For your example, you can get the individual states. I would do it by doing all operations to the tensor product of all three qubits and then just extracting the state of each qubit from the final state. I'm not going to do all of this since that calculation can be found in the Qiskit textbook section linked below.

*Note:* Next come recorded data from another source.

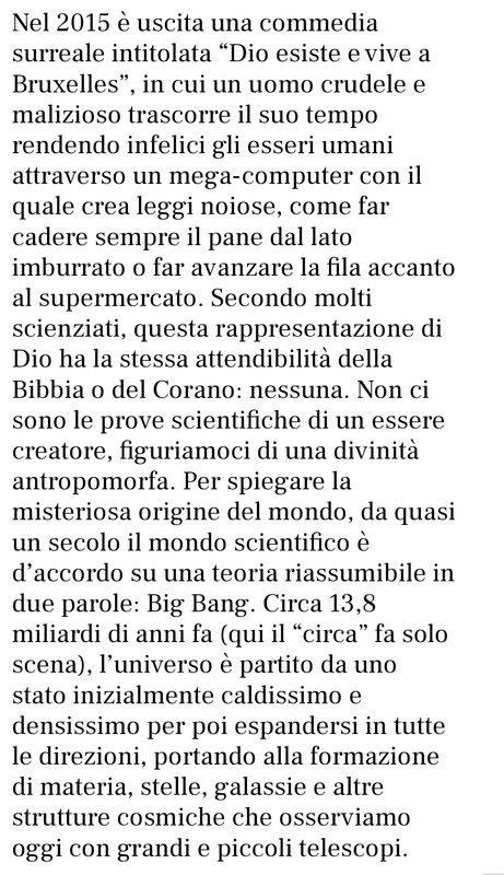 “ “ D'altronde ci sono questioni che la scienza non potrà mai risolvere ? „ Appunto. Suuponenti e presuntuosi esclusi. “ Per molto tempo, gli scienziati hanno calcolato l'età dell'Universo misurando il tempo trascorso da un ipotetico Big Bang iniziale, „ Ipotetico Bing Bang..... “ Gupta ha costruito un nuovo modello secondo cui l'Universo di anni ne avrebbe 26.7 miliardi, ovvero il doppio rispetto alla stima attuale. „ Avrebbe? “ Se l'universo esistesse da sempre e non ci fosse alcun inizio, ma solo un'evoluzione chiamata Big Bang, come reagireste? Secondo uno studio condotto dal fisico Bruno Bento dell'Università di Liverpool, l'universo non avrebbe avuto alcun inizio, ma si ritiene sia sempre esistito e che solo di recente si sia evoluto in quello che abbiamo sempre chiamato Big Bang. „ Non avrebbe? “ L'universo è iniziato con un buco bianco? La nuova teoria sul Big Bang „ Buco bianco? Il bazar delle teorie.Prendi tre paghi due. |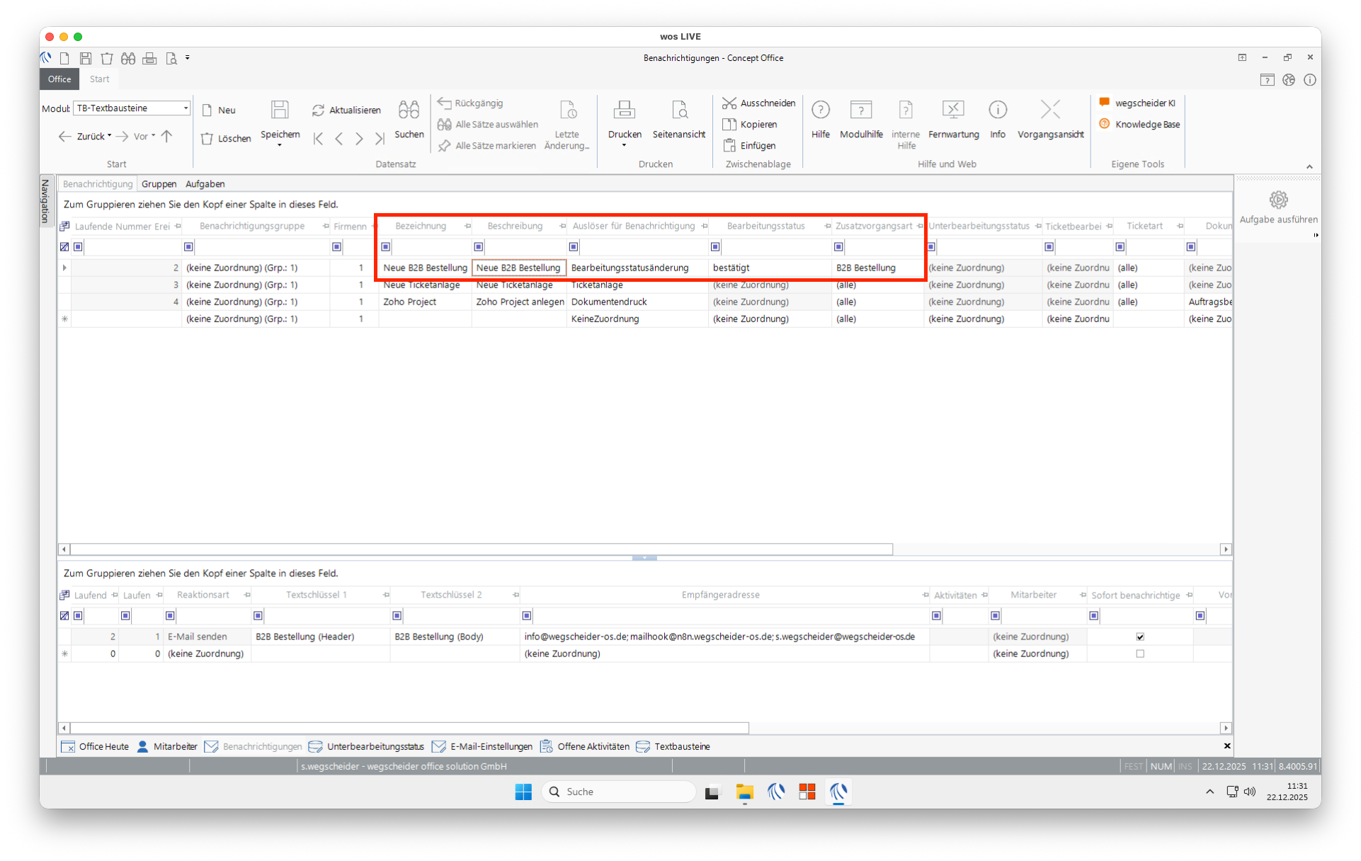 Im folgenden Beispiel möchten wir eine E-Mail versenden, wenn eine neue Concept B2B Bestellung übermittelt wurde, die folgenden Felder müssen hierzu befüllt werden: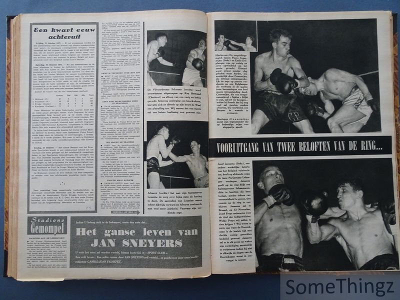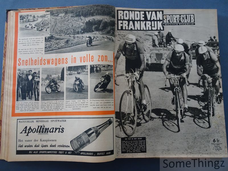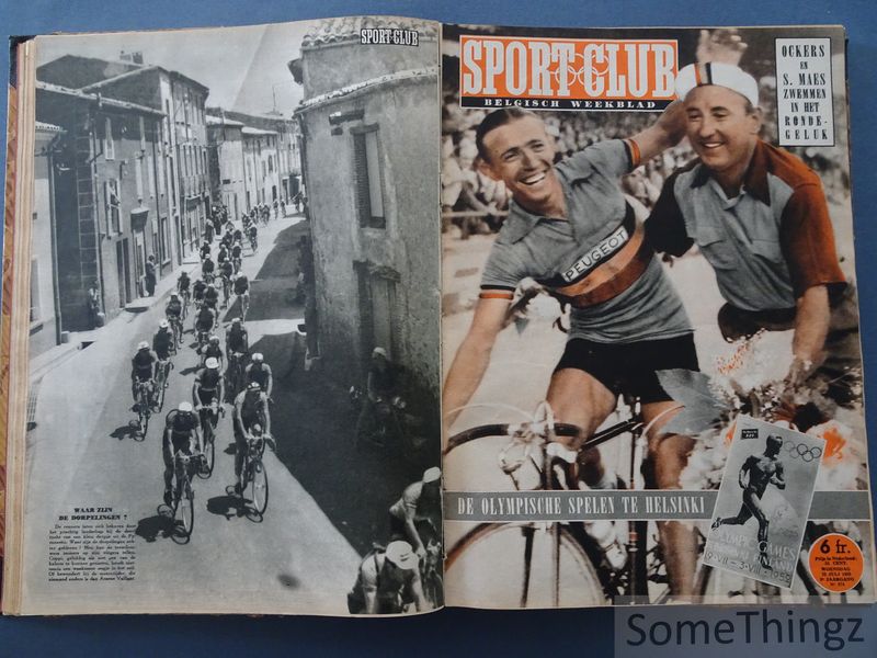 Volledige inhoud: 4 juni 1952: n°264, 265, 266, 267, extra nummer (28pp.) Ronde van Frankrijk 52, 268, 269, 270, 271, 272, 273, 274, 275, 276, 277, 278, 279, 280, 281, 282, 283, 284, 285, 286, 287, 288, 289, 290, 291, 292, 293, 294, 295, 296 (speciaal nummer, 28pp.) en 297. In de vroege jaren vijftig vormde het weekblad Sportclub (later Sport & Club) een onmisbaar venster op de Belgische sportwereld. Uitgegeven door Meuwissen in Brussel en gekenmerkt door zijn rijke helio-offset illustraties, bracht het tijdschrift sport tot leven in een tijd waarin televisie nog in zijn kinderschoenen stond. Dit weekblad is historisch cruciaal omdat het de heroïek van de eerste naoorlogse sportieve hoogtijdagen vastlegde. In deze bundeling (juni - december 1952) wordt aandacht besteed aan de belangrijkste nationale en internationale wielerwedstrijden (als daar zijn de Giro, de Tour de France, de ronde van Zwitserland, enz.), de Olympische Spelen van Helsinki en de start van de nieuwe Belgische voetbalcompetitie. Maar ook andere sporten zoals de motorsport, boksen, atletiek, baanwielrennen, rallysport enzoverder komen aan bod. Prachtige sportfoto's geven een visuele impressie van de sportbeoefening in de jaren '50. Het blad fungeerde als een luxe verzamelstuk, vaak door liefhebbers ingebonden om de iconische zwart-wit covers en diepgaande verslagen van nationale triomfen te bewaren. De bundel omvat een reeks opeenvolgende weeknummers van Sport & Club en vormt daarmee een doorlopende documentatie van sportnieuws in de tweede helft van 1952. De inhoud bestaat uit wedstrijdverslagen, sportanalyses, interviews en reportages over uiteenlopende disciplines, met nadruk op voetbal en wielrennen als dominante sporten in België. Daarnaast bevatten de nummers advertenties, redactionele bijdragen en illustraties die inzicht geven in de sportcultuur en mediavormgeving van de jaren 1950. Als gebundelde jaargang biedt het werk een waardevolle bron voor onderzoek naar sportgeschiedenis en journalistieke praktijk in die periode.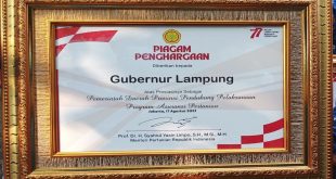 BANDARLAMPUNG (sundalanews.com) – Tepat di Hari Peringatan Kemerdekaan RI ke – 77, Gubernur Lampung Arinal Djunaidi menerima penghargaan dari Menteri Pertanian Syahrul Yasin Limpo karena telah mendukung pelaksanaan program Asuransi Pertanian. Penghargaan tersebut diterima Gubernur Lampung yang diwakili oleh Asisten Bidang Perekonomian dan Pembangungan Provinsi Lampung Kusnardi, di Lapangan Upacara …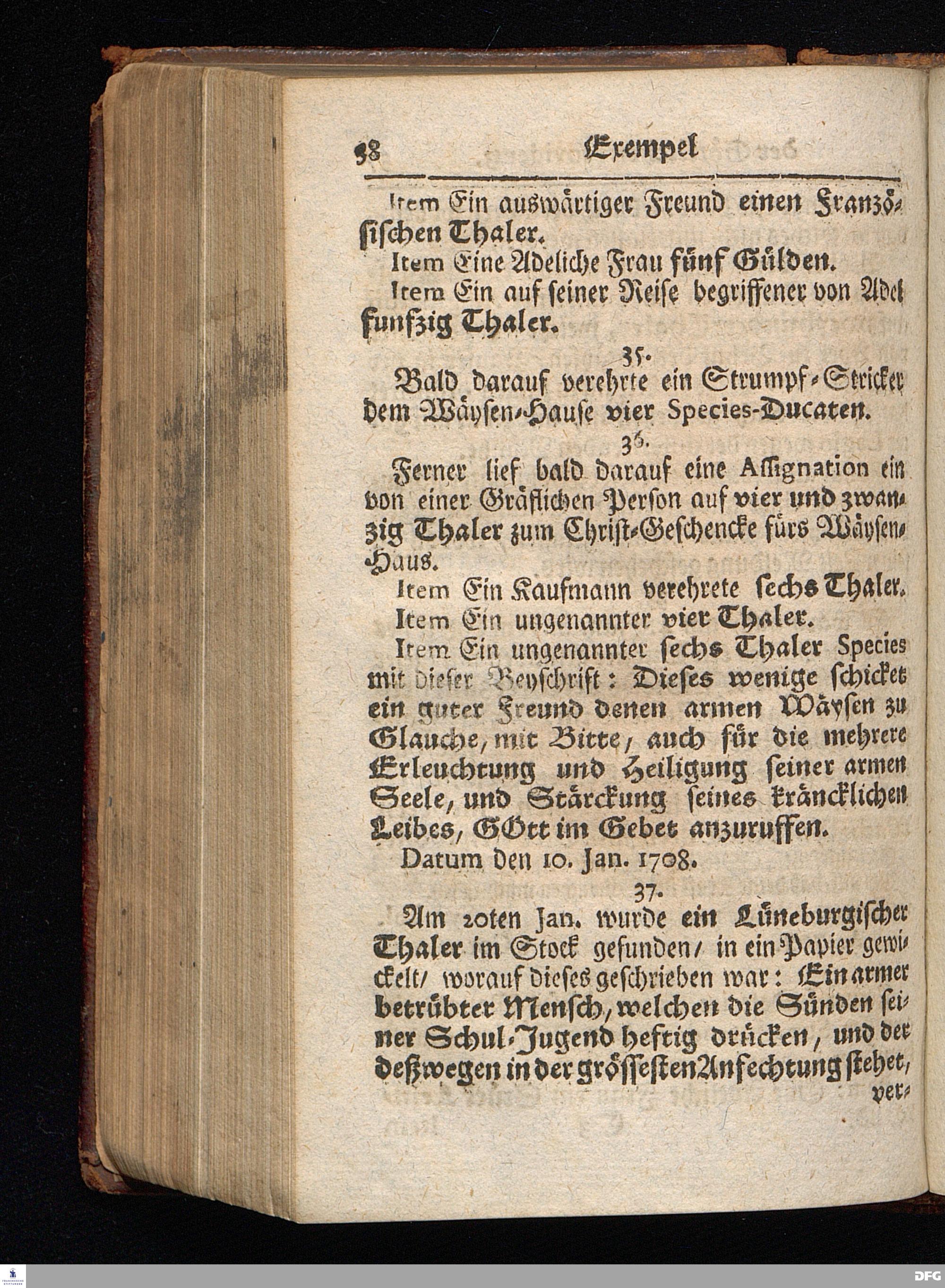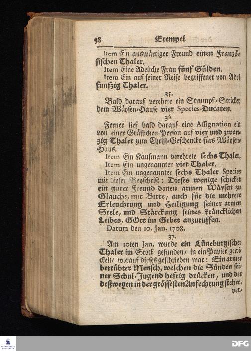 Segens=volle Fußstapfen des noch lebenden und waltenden liebrei=│chen und getreuen GOttes, Zur Beschämung des Unglaubens und Stärckung des Glaubens, entdecket durch eine wahrhafte und umständliche Nachricht von dem Wäysen=Hause und übrigen Anstalten zu Glaucha vor Halle; Welche Im Jahr 1701. zum Druck befördert, ietzo aber zum dritten mal ediret, und bis auf gegenwärtiges Jahr fortgesetzet von August Hermann Francken, S.Theol.Prof.und Past. HALLE, in Verlegung des Wäysen=Hauses, MDCCIX.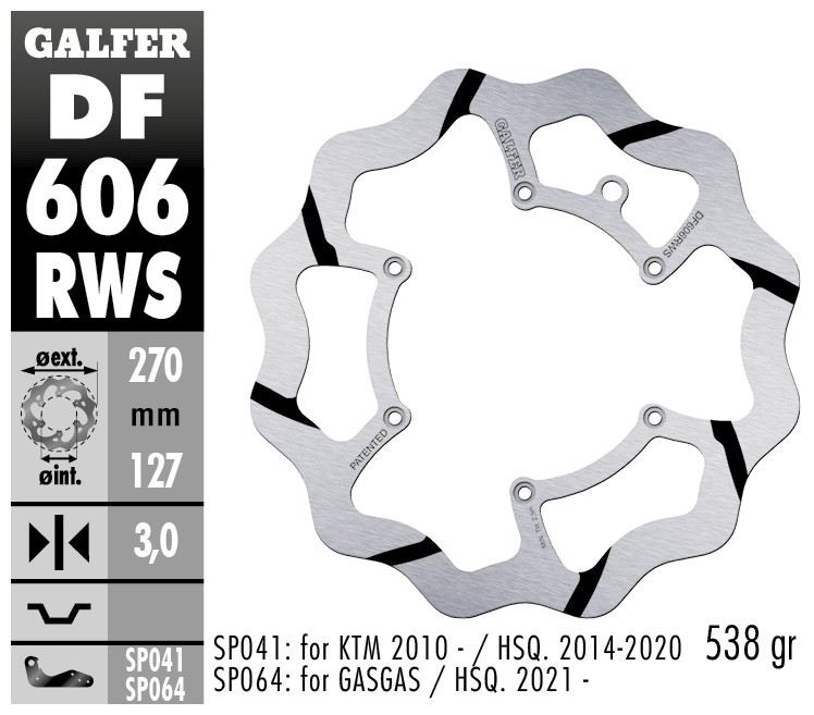 I dischi “Disc Wave®” rappresentano l’esempio migliore di Ricerca e Sviluppo di Galfer. I dischi Galfer vengono prodotti con macchine a taglio laser utilizzando la miglior qualità di acciaio inossidabile. Le tecnologie di produzione derivano direttamente dalle competizioni e rese disponibili a tutti gli utenti. Il montaggio non richiede staffe o parti supplementari e sono compatibili ai ricambi originali. Il disco freno “Disc Wave®” è una proprietà intellettuale di Industrias Galfer SA protetta da brevetto in Europa ed America.

From the Qiskit textbook section where you got that circuit from (3.5.6), you can see that the final state is the following. (I just adapted the qubit ordering and indexing so that it is $|q_2q_1q_0\rangle$).
$$
\frac{1}{\sqrt{2}}\left(|0\rangle+\exp\left(\frac{2\pi i}{2}q_2 + \frac{2\pi i}{2^2}q_1 + \frac{2\pi i}{2^3}q_0\right)|1\rangle\right) \otimes \frac{1}{\sqrt{2}} \left(|0\rangle + \exp\left( \frac{2\pi i}{2}q_1 + \frac{2\pi i}{2^2}q_0 \right)|1\rangle\right) \otimes \frac{1}{\sqrt{2}} \left(|0\rangle + \exp\left( \frac{2\pi i}{2}q_0\right)|1\rangle\right)
$$
Therefore, the state of $q_0$ is $$\frac{1}{\sqrt{2}} \left(|0\rangle + \exp\left( \frac{2\pi i}{2}q_0\right)|1\rangle\right)$$
The state of $q_1$ is
$$\frac{1}{\sqrt{2}} \left(|0\rangle + \exp\left( \frac{2\pi i}{2}q_1 + \frac{2\pi i}{2^2}q_0 \right)|1\rangle\right)$$
And the state of $q_2$ is
$$
\frac{1}{\sqrt{2}}\left(|0\rangle+\exp\left(\frac{2\pi i}{2}q_2 + \frac{2\pi i}{2^2}q_1 + \frac{2\pi i}{2^3}q_0\right)|1\rangle\right)
$$
Plugging in the values for your initial state, you will get the final state for each qubit.
Edit
In the above, qubits $q_0$ and $q_2$ are not swapped. Thus, in reality, the final state of the qubits would be the other way. $q_0$ would be in the state of $q_2$ and viceversa. And $q_1$ remains the same.